Nothing after the line with "Add a touch" belongs in the copy; extract the lines below from the top through that line, pictures left out.
__________________________________________________
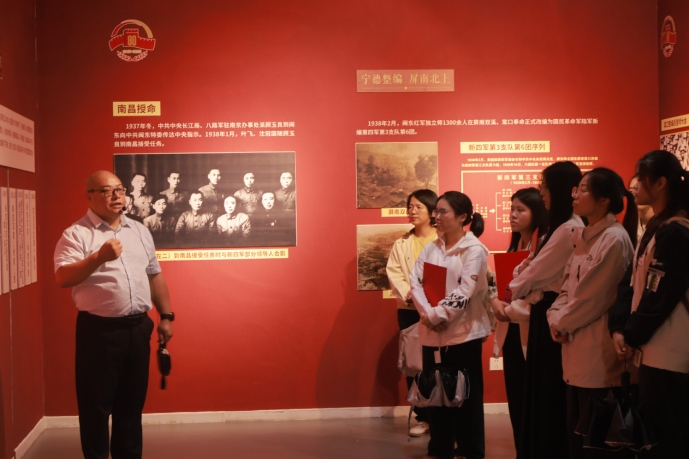 首先,福建省闽东畲族博物馆(宁德市博物馆)馆长雷志华带领师生参观“闽东人民抗日战争史迹”专题展览并进行现场讲解。雷志华馆长通过丰富的历史照片、文献资料和战斗序列图,以闽东子弟兵为骨干的新四军第三支队第六团的抗日战斗历程,通过时间脉络生动讲解了闽东儿女在中国人民抗日战争中的作出的突出贡献及英雄事迹。
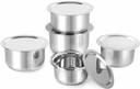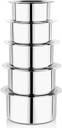 Nirvika Stainless Steel Tope/Top Set with Lid 22 Gauge Heavy Flat Bottom Patila Set of 10 (5 Pieces Top and 5 Piece Lid) Cookware Set/Pot Pan (Induction and Gas Compatible)(Size: 3100 ML, 2400 ML, 1750 ML, 1400 ML, 1100 ML) Tope Set with Lid 3.1 L, 2.4 L, 1.75 L, 1.4 L, 1.1 L capacity 23 cm diameter (Stainless Steel, Non-stick) Dish Serving Set (Pack of 5)
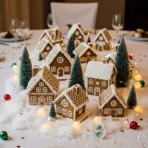 Add a touch of nostalgia and whimsy with a gingerbread village centerpiece.
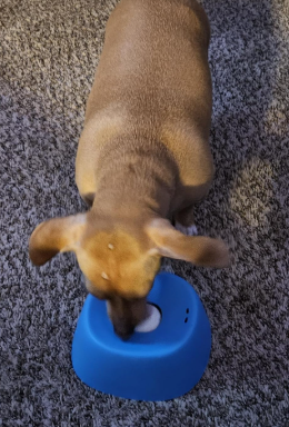• I have a 60ish lb super chewer pup and struggle to find cognitive toys that she won’t immediately turn into rubble. This toy was pretty intuitive and she immediately took to licking it without chewing. I filled it up about 3/4 the way up with the ball in the bowl, using a pretty thin mix of snacks, and she finished it in about one hour. Pleased with how easy it is to pop the bowl in and out. Sturdy feel and weight. I also loved the bright blue color since dogs can see it better! All around love it and very happy!
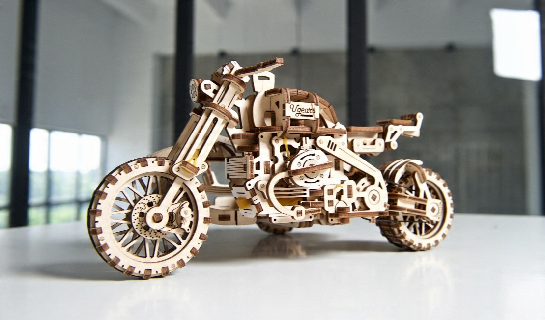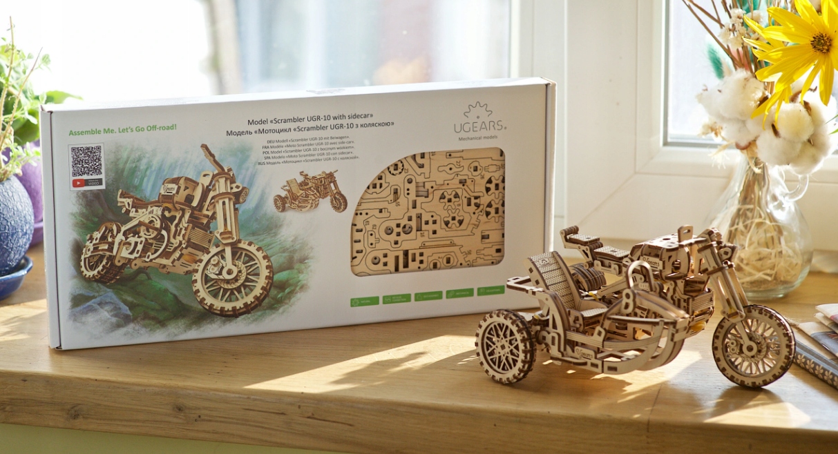 МЕХАНІЧНА МОДЕЛЬ МОТОЦИКЛА SCRAMBLER UGEARS 3D PUZZLE WOOD
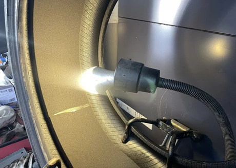 Os pregos não são grandes, e o especialista disse que usar remendos comuns de algodão isolante é suficiente. Se os pregos forem mais grossos, serão necessários pregos em formato de cogumelo, e o preço correspondente será maior. Como mostrado na figura abaixo, o remendo já foi aplicado e, em seguida, uma cola especial é pulverizada no local original onde o algodão isolante estava colado para fixá-lo.
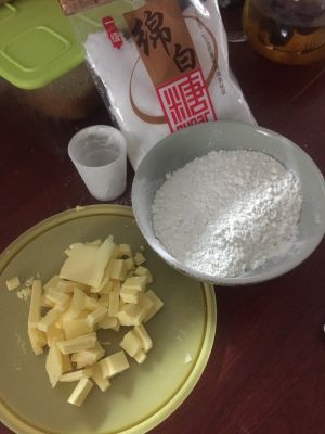 制作油酥:清水10克、黄油60克加入醒了一夜的白面胚子10克、面粉100克一起放入搅拌桶中,和好的酥团铺上保鲜膜醒30分钟
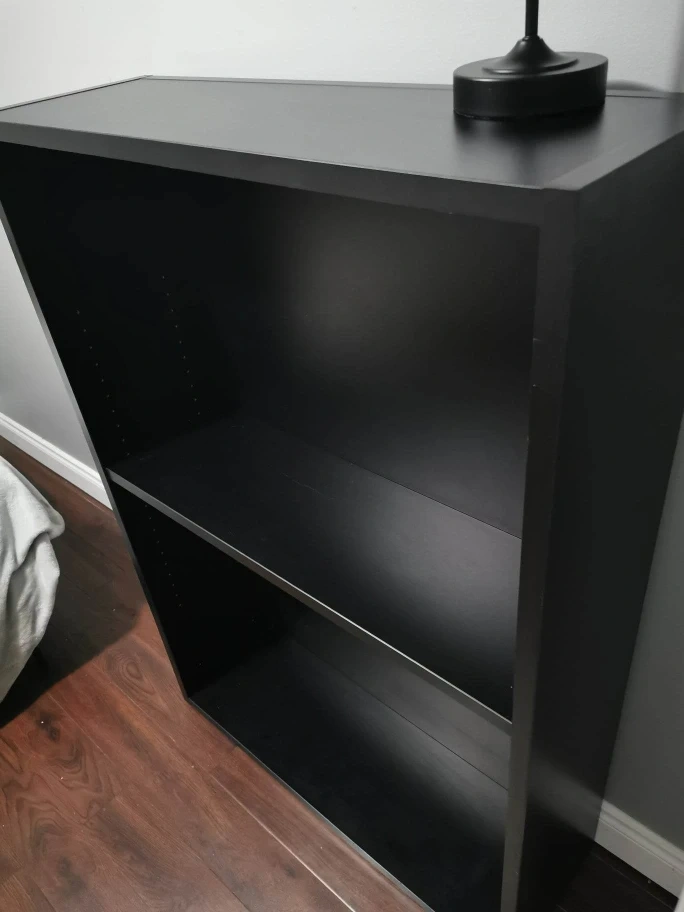 The shelf is solid wood (real wood!) so it is very sturdy. The middle shelf is adjustable. You can also turn it on its side and it makes a good headboard or footboard for a double bed (This is what I used it for. See photo.) Near-mint condition. 52" tall, 36" wide, 12" deep
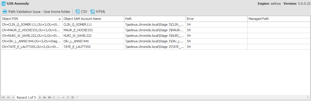 Figure 13-38 is an example of the Path Validation Issue Anomaly report. The Object FDN and Object SAM Account Name columns display the respective attributes. The Path column is the value of the homeDirectory attribute. The Managed Path column does not have a value because this object is not yet managed by Storage Manager. These objects are reported because there was an error when trying to verify the existence of the path specified by their homeDirectory attribute. This report can be used to identify objects whose respective path attribute value no longer exists at the specified location or if the Engine has an issue communicating with the server or share on which the path is located. The symptoms can be:
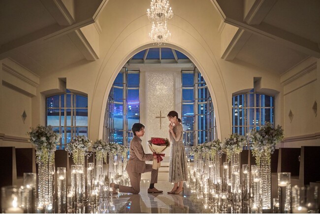 プロポーズの舞台となるのは、美しいみなとみらいの夜景が祭壇越しに広がるガラスのチャペル。20メートルのバージンロードにはキャンドルが美しく輝き、祭壇にはマザーオブパールと呼ばれる貝殻が張り巡らされ、横浜の空と海を感じられるチャペルをふたりきりで貸し切って、まるでドラマの主人公になったかのような、一生の想い出に残るロマンティックなプロポーズが叶います。
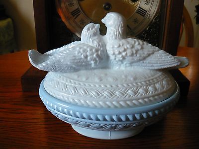 Vintage Westmoreland Blue Milk Glass Love Birds On Nest Covered Candy Dish
__________________________________________________
▸ **Result of this exercise**
 首先,福建省闽东畲族博物馆(宁德市博物馆)馆长雷志华带领师生参观“闽东人民抗日战争史迹”专题展览并进行现场讲解。雷志华馆长通过丰富的历史照片、文献资料和战斗序列图,以闽东子弟兵为骨干的新四军第三支队第六团的抗日战斗历程,通过时间脉络生动讲解了闽东儿女在中国人民抗日战争中的作出的突出贡献及英雄事迹。
 Nirvika Stainless Steel Tope/Top Set with Lid 22 Gauge Heavy Flat Bottom Patila Set of 10 (5 Pieces Top and 5 Piece Lid) Cookware Set/Pot Pan (Induction and Gas Compatible)(Size: 3100 ML, 2400 ML, 1750 ML, 1400 ML, 1100 ML) Tope Set with Lid 3.1 L, 2.4 L, 1.75 L, 1.4 L, 1.1 L capacity 23 cm diameter (Stainless Steel, Non-stick) Dish Serving Set (Pack of 5)
 Add a touch of nostalgia and whimsy with a gingerbread village centerpiece.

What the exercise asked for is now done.